Saturday, April 15, 2006


在王子酒店巧遇梁漢文! So happy! I hope I can find someone like him, so my type of guy!

Anyway, today didn't pass as badly as I thought. My phone did not ring for too many times. It doesn't matter. It did not ring much when I was dating either. I played pool twice today. Crazy Friday! And I am glad that my mom was there to watch me for a bit and then at night my dad was there too. It's the first time I played with him. It seems that it could be a potential activity that we do together, bridging the generation gap!

Saturday.... another day that I am supposed to be out. I think I will stay home and read and study. Originally I have two tickets for a Japanese horror in Langham Palace at 1130pm. Now I think I may give up the tickets. It's kind of stupid to go to Kowloon to see a movie for only one hour.
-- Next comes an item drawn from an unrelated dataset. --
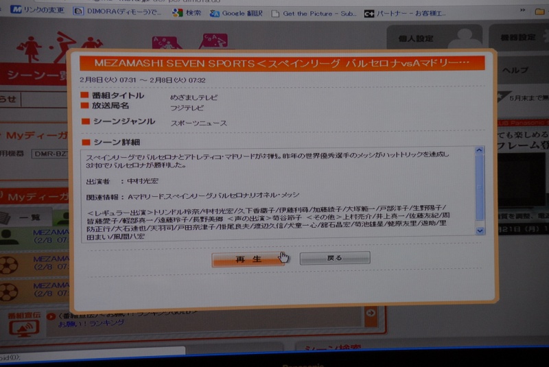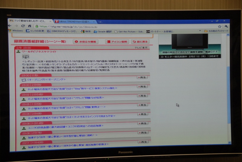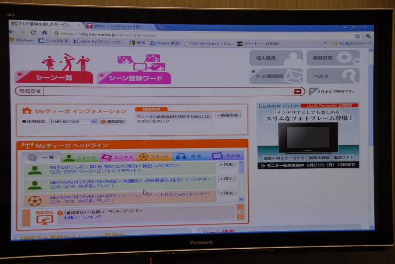 言葉で書くと難しそうに思えるが、DIGAで録った過去の番組のハイライトシーンや見どころを検索できるサービスである。例えばニュース番組なら、Webブラウザーにニュースのヘッドラインが表示され、見たいニュースを選ぶと、ネット経由の操作でそのシーンがDIGAで自動再生される仕組みだ。
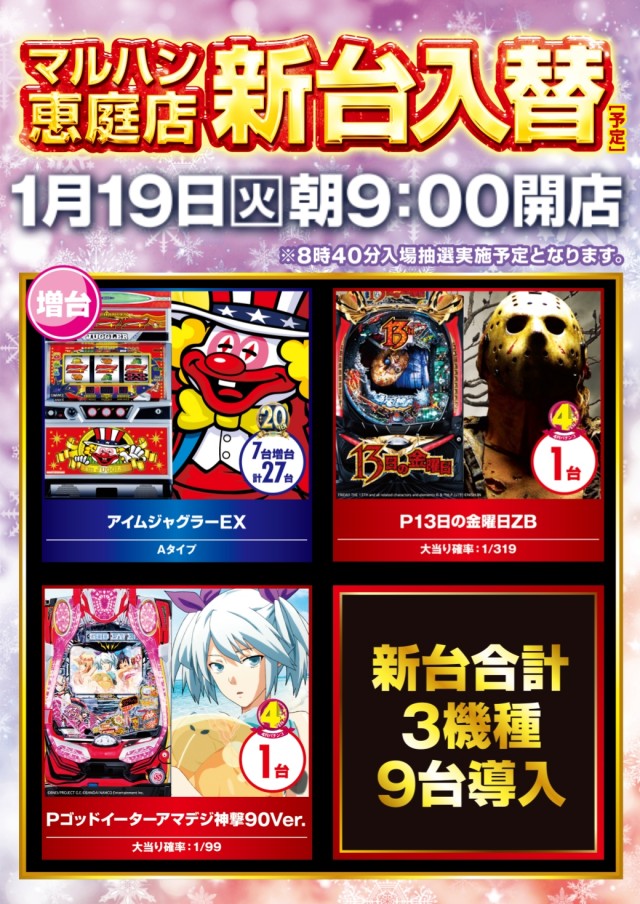 明日1月27日(水)新台入替!朝9時開店♪入場抽選は8:40

If there were two of us, the case and feeling would be different. Now, things changed and so did my feelings.

I don't know why I fucked up this time, again and again. Am I the one to blame? I just demand a little more action in calling me and this still can't be done. I really don't understand the logic behind. What am I? You tried so hard to get me and then put me aside. What am I? What am I? I think I know the way two people can maintain a relationship. It's just so not your way.

Just want to say 梁漢文 is not the type of guy who works in Cafe de Carol. He is cool in my eyes. So what?